Yet, stakeholder participation was reported in 13.26% of studies, while two-thirds of studies claimed potential policy relevance. Yet, this aligns with literature that points to a longstanding gap between modelers and policy makers (Mihaljevic et al. 2024). The lack of engagement may be attributed to several practical and political challenges: models can seem like “black boxes” that are hard to trust, policies often change quickly and unpredictably, decisions must be made on shorter timelines than models can support, government contracting processes can be slow and inflexible, political values can outweigh evidence, and there are usually many different stakeholders to involve (Gilbert et al. 2018). As Edmonds et al. (2019) states: a model can only be validated relative to a clearly defined purpose, and if stakeholders are not involved in setting that purpose, it is difficult to claim validity for policy or operational decision-making.

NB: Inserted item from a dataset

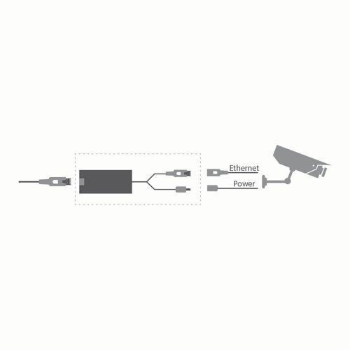 Ermöglicht die Stromversorgung und den Anschluss einer IP-Kamera an ein Ethernet-Kabel mit verfügbarem Power over Ethernet (PoE). Nützlich in Fällen, in denen eine PoE-Stromversorgung für eine IP-Kamera erforderlich ist, die nicht über diese Funktion verfügt, wodurch die Installation vereinfacht und die Kosten gesenkt werden.

Model Evaluation. Overall, 76.12% (\(n = 408\)) of studies mention at least one evaluation method: verification, calibration, sensitivity analysis, or validation. Calibration was the most commonly reported evaluation practice (\(n = 263\), 49.07%), followed by sensitivity analysis (\(n = 209\), 38.99%) and validation (\(n = 189\), 35.26%). Common approaches included comparing model outcomes with observed data, or comparing results with another modeling approach. Model verification was reported less frequently (\(n = 70\), 13.06%), possibly reflecting its integration into routine model development rather than explicit reporting. Verification practices included running the model under extreme conditions to ensure logical consistency and systematically adjusting key parameters. While most COVID-19 ABM studies incorporated some form of evaluation, only 2.24% (\(n = 12\)) described a systematic framework encompassing verification, calibration, sensitivity analysis, and validation together. Communication of either aleatory or epistemic model uncertainty was more frequent (\(n = 407\), 75.93%), typically through repeated runs with confidence intervals or sensitivity analysis, respectively. Taken together, these findings highlight a tension between the urgency of producing models and the time-intensive process of rigorous evaluation. The limited use of evaluation methods, particularly multi-method evaluation, likely reflects constraints on available data, the absence of clear standards for evaluating ABMs in the community, and the time pressures associated with model development during the pandemic. Given that two-thirds of studies positioned themselves as potentially useful for public health policy, the uneven application of evaluation methods likely raises concerns about the credibility and reproducibility of their insights. Strengthening evaluation practices remains essential if ABMs are to serve as reliable decision-support tools in future pandemics.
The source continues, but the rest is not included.